9, 23), and another perforation behind an applyable cutting device (14) for cutting the continuous material web (1) along the first longitudinal fold (13). A cutting / cutting device (16), which comprises a zone (41, 42) for perforating and / or cutting the continuous material web (1). Equipment for perforating. 12. A cutting tool (14) on which an applicable cutting device (14) can travel.
Device according to claim 11, characterized in that it receives (48). 13. The device according to claim 11, wherein the cutting tool is adjustable in its angular bearing relative to the continuous material web. 14. The device according to claim 11, wherein the perforating section extends over the entire length of the perforating / cutting tool. 15. The device according to claim 11, wherein the cutting section extends over the entire length of the perforating / cutting tool. 16. The cutting or perforating section (41, 42) extends along each half of the perforating / cutting tool (34).

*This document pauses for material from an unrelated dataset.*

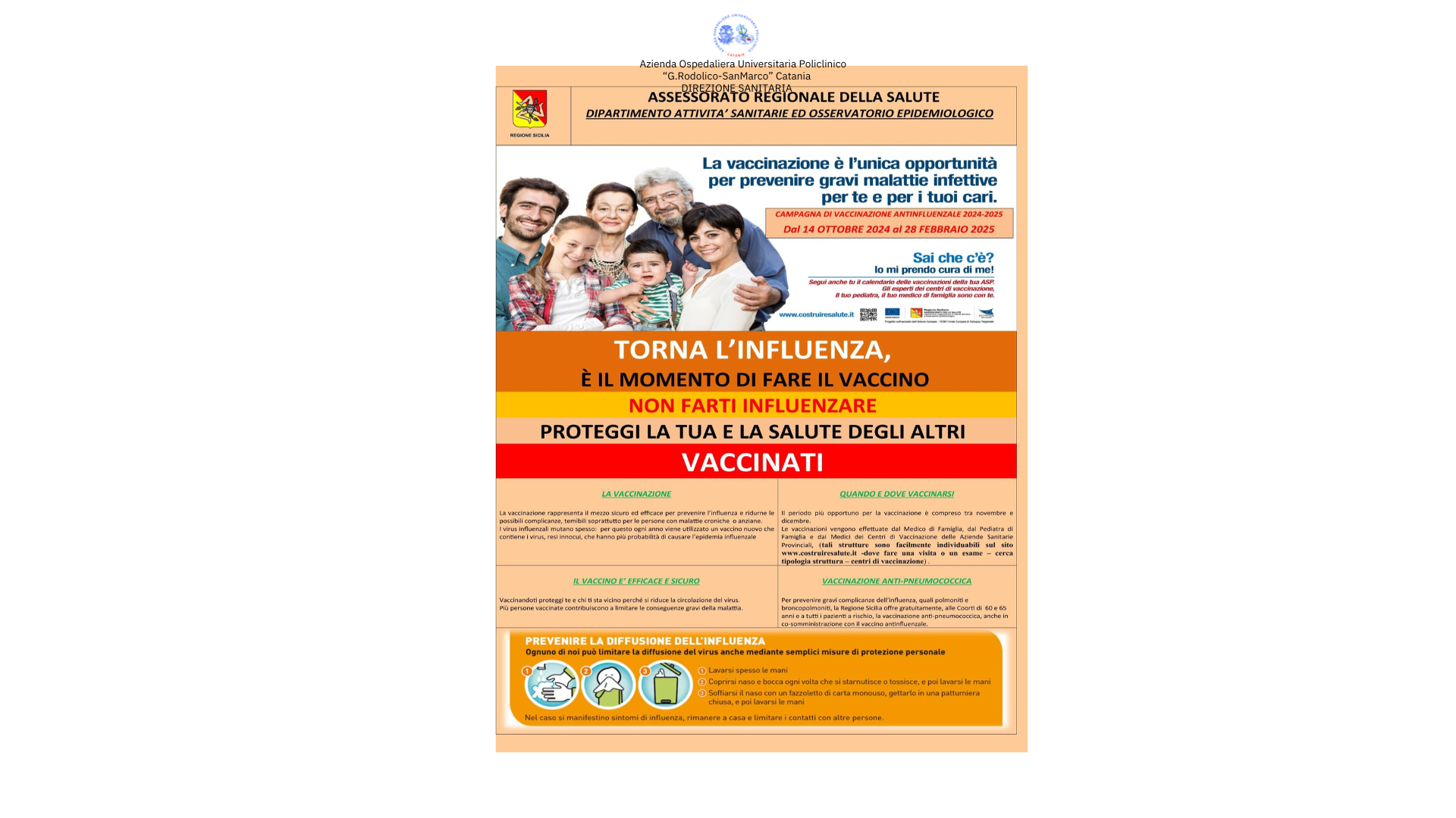 Influ day 2024. Il 14 dicembre, anche a Catania, la giornata dedicata alla vaccinazione antinfluenzale L’iniziativa si colloca nella cornice della Campagna antinfluenzale 2024-25, con l’obiettivo di sensibilizzare l’opinione pubblica sul valore della prevenzione vaccinale. Per l’occasione open day vaccinazioni antinfluenzali al Palazzo Sangiuliano, in Piazza Università, e in 5 ambulatori dell’Asp di Catania. Testimonal dell’evento sarà Francesco Lodi, brand ambassador Catania FC. CATANIA - Si celebra sabato 14 dicembre, sull’intero territorio regionale, l’Influ day 2024, la giornata per la prevenzione vaccinale antinfluenzale, promossa dall’Assessorato regionale alla Salute. L’iniziativa si colloca nella cornice della Campagna antinfluenzale 2024/25, con l’obiettivo di sensibilizzare l’opinione pubblica sul valore della prevenzione vaccinale antinfluenzale e aumentare le coperture. L’Asp di Catania, in collaborazione con ARNAS “Garibaldi”, AOE “Cannizzaro”, AOU Policlinico “Rodolico-San Marco” e l’Università di Catania celebreranno l’Influ day 2024, il 14 dicembre, alle ore 10.30, presso i locali di Palazzo Sangiuliano (in Piazza Università), con la partecipazione del rettore, del sindaco di Catania, dei vertici delle quattro Aziende sanitarie di Catania, del direttore della Scuola di Specializzazione in Igiene e Medicina preventiva, del comitato scientifico dell’accordo quadro Asp di Catania-Università di Catania, dei rappresentanti dell’Ordine dei medici e dell’Ordine delle professioni infermieristiche di Catania, dei medici di medicina generale, dei pediatri di libera scelta, degli operatori sanitari, della Rete civica della salute, del Centro universitario sportivo (Cus), della Croce rossa italiana, dei direttori dei Dipartimenti e delle Unità Operative interessati e coinvolti, a testimonianza dell’importanza del messaggio rivolto alla popolazione. Testimonal dell’evento sarà Francesco Lodi, brand ambassador Catania FC. La Campagna di vaccinazione antinfluenzale 2024/25, coordinata sul territorio provinciale dal Dipartimento di Prevenzione e dall’UOC di Sanità Pubblica, Epidemiologia e Medicina Preventiva dell’Asp di Catania, si concluderà il 29 febbraio 2025. OPEN DAY VACCINAZIONI AL PALAZZO SANGIULIANO E IN 5 AMBULATORI DELL’ASP DI CATANIA Per l’occasione, sempre il 14 dicembre, previsto anche un open day vaccinazioni, dalle ore 9.00 alle ore 13.00, sia presso i locali di Palazzo San Giuliano, sia presso gli ambulatori di vaccinazione dell’Asp di Catania a: - Catania (Corso Italia, 234 e PTA San Giorgio) - Mascalucia (Via Regione Siciliana, 12) - Acireale (Via G. Martinez, 19) - Caltagirone (c/o Ospedale “Gravina” - Edificio “Clementi” - III piano). La vaccinazione antinfluenzale è un’opportunità per prevenire le forme gravi e complicate di influenza e ridurre la mortalità prematura nelle fasce più fragili della popolazione. Oltre alla vaccinazione antinfluenzale, per le categorie previste dal Calendario di Immunizzazione regionale, sarà possibile ricevere, anche in co-somministrazione, la vaccinazione anti-pneumococcica o anti Herpes-zoster; e la vaccinazione anti-virus respiratorio sinciziale (RSV) e anti-Covid. A CHI È RACCOMANDATA LA VACCINAZIONE La vaccinazione antinfluenzale è raccomandata a: • persone anziane, a partire dai 60 anni in su • chi soffre di malattie croniche • residenti in strutture di lungodegenza, quali RSA • bambini a partire dai 6 mesi di vita • operatori sanitari • donne a qualsiasi trimestre di gravidanza • addetti ai servizi pubblici (forze dell’ordine, insegnanti, ecc.) • chi lavora a contatto con gli animali • tutti coloro che vivono con persone ad alto rischio di complicanze La vaccinazione anti-pneumococcica a: • persone anziane, a partire dai 60 anni in su • adulti, d’età compresa fra i 18 e i 59 anni, con patologie a rischio (dietro prescrizione medica) La vaccinazione anti-Herpes zoster • persone anziane, a partire dai 65 anni in su, senza condizioni di rischio • adulti, dai 18 anni in su, con patologie a rischio (dietro prescrizione medica) La vaccinazione anti Covid-19 • persone anziane, a partire dai 60 anni in su • adulti, d’età compresa fra i 18 e i 59 anni, con patologie a rischio • donne in gravidanza La vaccinazione anti-virus respiratorio sinciziale (RSV) • persone anziane, a partire dai 75 anni in su • persone anziane, a partire dai 60 anni in su, con condizioni di rischio (dietro prescrizione medica). DOVE VACCINARSI La vaccinazione antinfluenzale potrà essere eseguita in via prioritaria presso gli ambulatori dei medici di medicina generale e dei pediatri di libera scelta, anche in co-somministrazione con la vaccinazione anti-pneumococcica o anti Herpes-zoster, oltre che presso gli ambulatori vaccinali, previa prenotazione on line, collegandosi al sito aziendale https://vaccini.aspct.it/vacpreno1 e presso le farmacie aderenti. È previsto anche un ambulatorio dedicato alla vaccinazione antinfluenzale sito a Catania, in Corso Italia 234, ad accesso libero, dalle 8.30 alle 11.30, senza necessità di prenotazione. INFO Per informazioni è possibile contattare il proprio medico curante o il Dipartimento di Prevenzione e l’UOC Epidemiologia ai numeri 095.2540104/111/210, o tramite indirizzo mail a uoc.semp@aspct.it. 12 dicembre 2024

An apparatus according to claim 1. 17. The apparatus according to claim 11, wherein the folding intersection (43) in the perforating / cutting tool (34) determines the position of the second longitudinal fold in the signature (20). 18. The apparatus according to claim 11, wherein the cutting surface is configured to have different longitudinal lengths of the perforating / cutting tool. 19. The device according to claim 11, wherein the notch in the perforating / cutting tool defines the formation of a bridge of material and a subsequent target break in the signature. . 20. A first longitudinal folding device (10), another perforating / cutting device (16).

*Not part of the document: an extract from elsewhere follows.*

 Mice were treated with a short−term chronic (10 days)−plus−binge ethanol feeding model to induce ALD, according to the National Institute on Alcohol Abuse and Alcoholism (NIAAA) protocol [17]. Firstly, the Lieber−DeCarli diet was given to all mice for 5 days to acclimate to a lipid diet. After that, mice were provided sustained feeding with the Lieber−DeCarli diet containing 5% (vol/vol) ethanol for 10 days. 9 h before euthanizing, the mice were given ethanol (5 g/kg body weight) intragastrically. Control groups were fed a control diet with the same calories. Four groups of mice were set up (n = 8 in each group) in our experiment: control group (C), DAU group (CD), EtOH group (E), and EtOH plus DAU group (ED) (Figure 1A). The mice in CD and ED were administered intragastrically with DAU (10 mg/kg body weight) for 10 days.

) And an optional second vertical folding device (29)
Device according to claim 11, characterized in that it is possible to run transversely to the web running direction (8) by means of 55), the positions of which can be detected by a running distance generator (54). . 21. A folding device having a mechanism for producing a fold (13, 24) in a signature (20) which is also cut from a multilayer continuous material web (1),
In the form having a first longitudinal folding device (10) for producing a first longitudinal fold (13) and a folding cylinder (19, 23) for producing a transverse fold, the continuous material web (1) is Applicable cutting device (1) for cutting along the first vertical fold (13)
Behind 4), another perforating / cutting device (16) is arranged.

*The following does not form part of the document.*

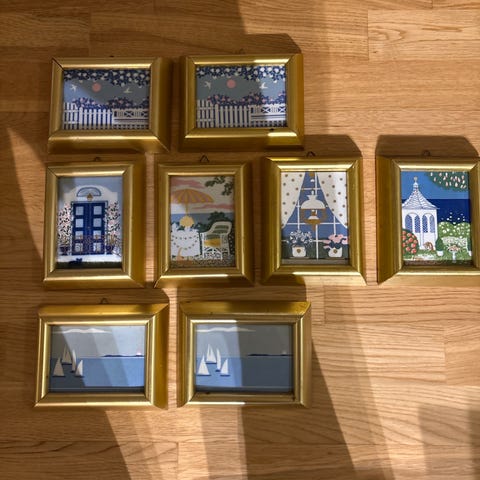 Porselensbilder produsert av Porsgrunds Porselænsfabrik. Normal brukspatina på rammene, ellers hele og pene. Nostalgiske samleobjekter.

A folding device, characterized in that the cutting device (16) is provided with areas (41, 42) for perforating and / or cutting the continuous material web (1). 22. A non-puncture folding device having a mechanism for producing a fold (13, 24) in a signature (20) also cut from a multilayer continuous material web (1), comprising: a first longitudinal fold; In the type having a first longitudinal folding device (10) for producing (13) and a folding cylinder (19, 23) for producing transverse folding, the continuous material web (1) is folded in the first longitudinal direction. Behind the applyable cutting device (14) for cutting along (13), another perforating / cutting device (16) is arranged, which perforates / cuts the continuous material web (1). ), Characterized in that it comprises an area (41, 42) for perforating and / or cutting the continuous material web (1).